The higher your home equity, the higher your net worth. This money can be used for buying an investment property, consolidating debt or making big credit purchases. You can also use your home equity to apply for a low interest rate loan.
You can maximize your home equity by making a few smart choices when buying your home.
1. Buy a house in an up-and-coming neighborhood.
Up-and-coming neighborhoods are typically located between central downtown and middle-to-high income suburbs. People who live in these areas tend to progress to higher-paying jobs which results in overall income growth.
The value of homes in up-and-coming neighborhoods will increase over time as new shopping malls, parks, and other attractions are built. Your home equity will increase over time as a result of appreciation. This is an effortless way to drive-up your home equity.
2. Buy a home that needs some improvement.
By improving your home, you increase its market value. However, setting yourself up to do major renovations is costly as well as time-consuming. In order to be profitable, buy a house that needs minor improvements to increase its overall value - but without breaking the bank.
Look for a house that doesn’t need major plumbing or electrical reworking. Avoid buying property that would need you to add more than one room or one garage.
Some modest renovations include replacing kitchen countertops, investing in new appliances and repainting. There are many other aspects to potentially improve on.
3. Live in your new home for at least five years.

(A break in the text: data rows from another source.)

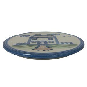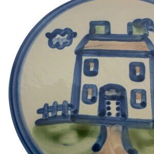 MA Hadley Hand Painted House Round Ceramic Trivet Wall Hanging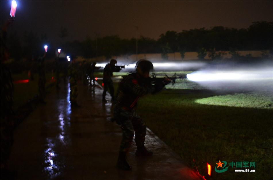 9月21日,在武警重庆总队八支队综合训练场,特战队员在进行夜间射击课目竞赛。
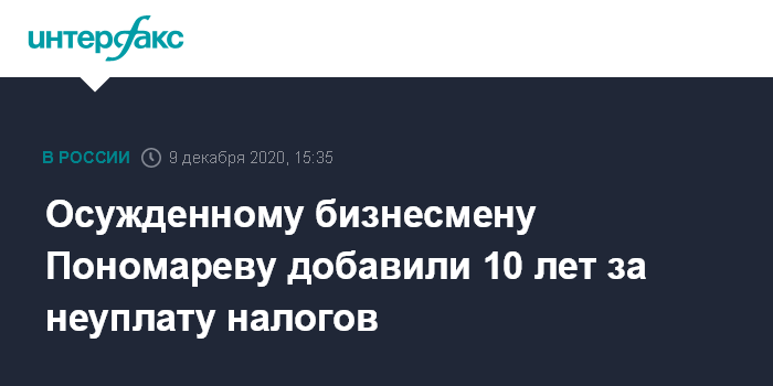 В ведомстве отметили, что Пономарев признан виновным в уклонении от уплаты налогов на сумму более 9,7 млрд рублей и покушении на мошенничество в сумме более 5,4 млрд рублей (часть 2 статьи 199 УК РФ, часть 2 статьи 198 УК РФ, часть 3 статьи 30, часть 4 статьи 159 УК РФ).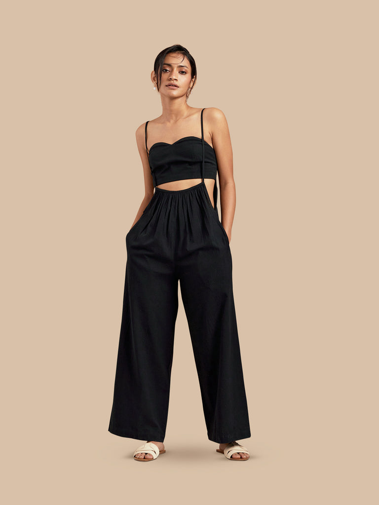 Keep your look simple and effortless with a classic dungree paired with a matching bustier top crafted in a handwoven cotton fabric. Minimal & effortless style. A classic overall style dungree paired with a matching bustier top, crafted in a handwoven fabric and brings together everything you love about pajamas—comfort and style. Wear this everyday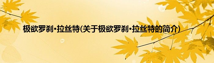 大家好,极欲罗刹·拉丝特,关于极欲罗刹·拉丝特的简介很多人还不知道,现在让我们一起来看看吧!
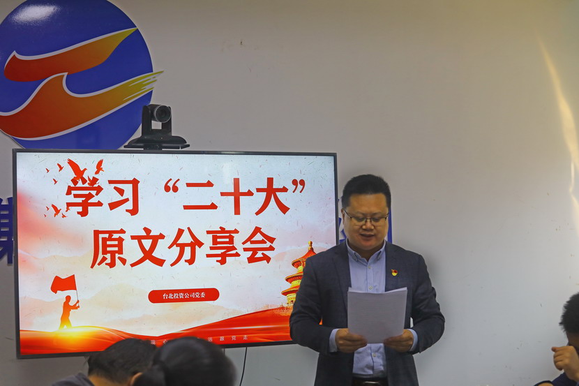 10月21日,臺北投資公司黨委組織召開黨的二十大報告學習交流會,每位同志閱讀報告原文,針對報告內容結合工作實際,分享心得體會、暢談工作思路、謀劃未來發展。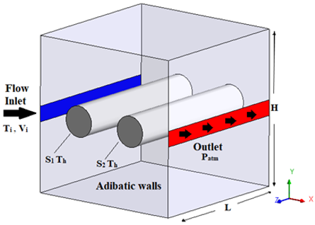 The heat transfer by forced convection from two equal circular cylinders located at the mid-section of cavity with a square shape was examined. The obtained results showed the augmentation in heat transfer rate with increasing the distance between cylinders (Helmaoui et al. [6]). Laidoudi et al. [7] exhibited the profound influence of inlet and outlet ports on the heat transfer from the circular cylinders. Koufi et al. [8] also emphasized the effects of the openings in turbulent heat transfer via mixed convection inside vented enclosures. Gokulavani et al. [9] explored the free convection in cavity containing a heated baffle at its center positioned vertically or horizontally with different configurations of the open cavity on vertical walls, for various Rayleigh numbers, Reynolds numbers and aspect ratios. The vertical baffle was shown to be more effective for augmenting heat transfer compared to the horizontal baffle.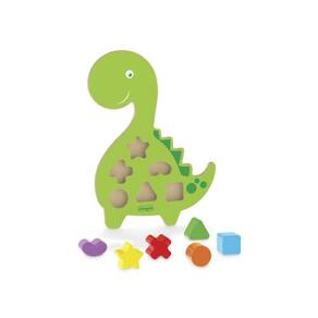 Cada animal apresenta 6 rebaixos com formas geométricas simples, onde a criança deve encaixar as peças plásticas coloridas que acompanham o produto.
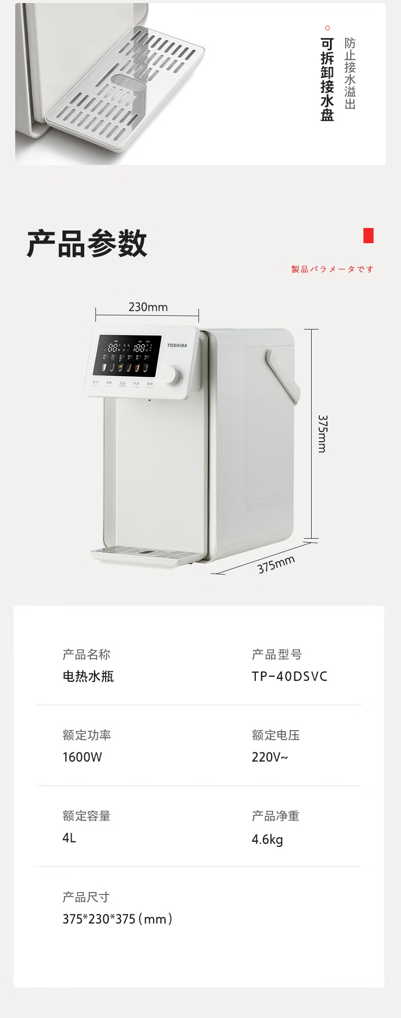 东芝(TOSHIBA)小白露熟水机0涂层饮水机电热水瓶电水瓶 烧水壶电热水壶4L 保温恒温一体真沸腾除氯TP-40DSVC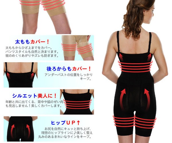 ヒザ上から胸下までをすっぽり覆い、肩ストラップで不快なずり上がり・丸まりを防止するデザインを採用しているから、逃げ場をなくしたお肉はバストへ大移動。キュッとしたくびれボディに!さらに、太もものお肉は内側から整え、ヒップへギュギュッともって行きます。続いて、気になるウエスト・下腹部分は斜めのバンドでパワフルにシェイプ。ポッコリがペッタンコ見せ!アンダーバストの位置だってしっかりキープ!

Moving is expensive, even without considering the down-payment of buying a second house. Staying in your new home for at least five years will work in your financial favor.
When you first start paying your mortgage the interest charged is high. Over time the interest will decrease and you will really start chipping about at the principal amount. When you start decreasing the principal amount, your home equity will grow.
And of course, moving is expensive as it can involve a lot of legal and admin fees. Staying put for a while will ensure that you at least break even.
Make a good deal for your future self by thinking strategically about home equity before you sign the dotted line. Doing so can set you up to make other investments which will work towards financial security for years to come.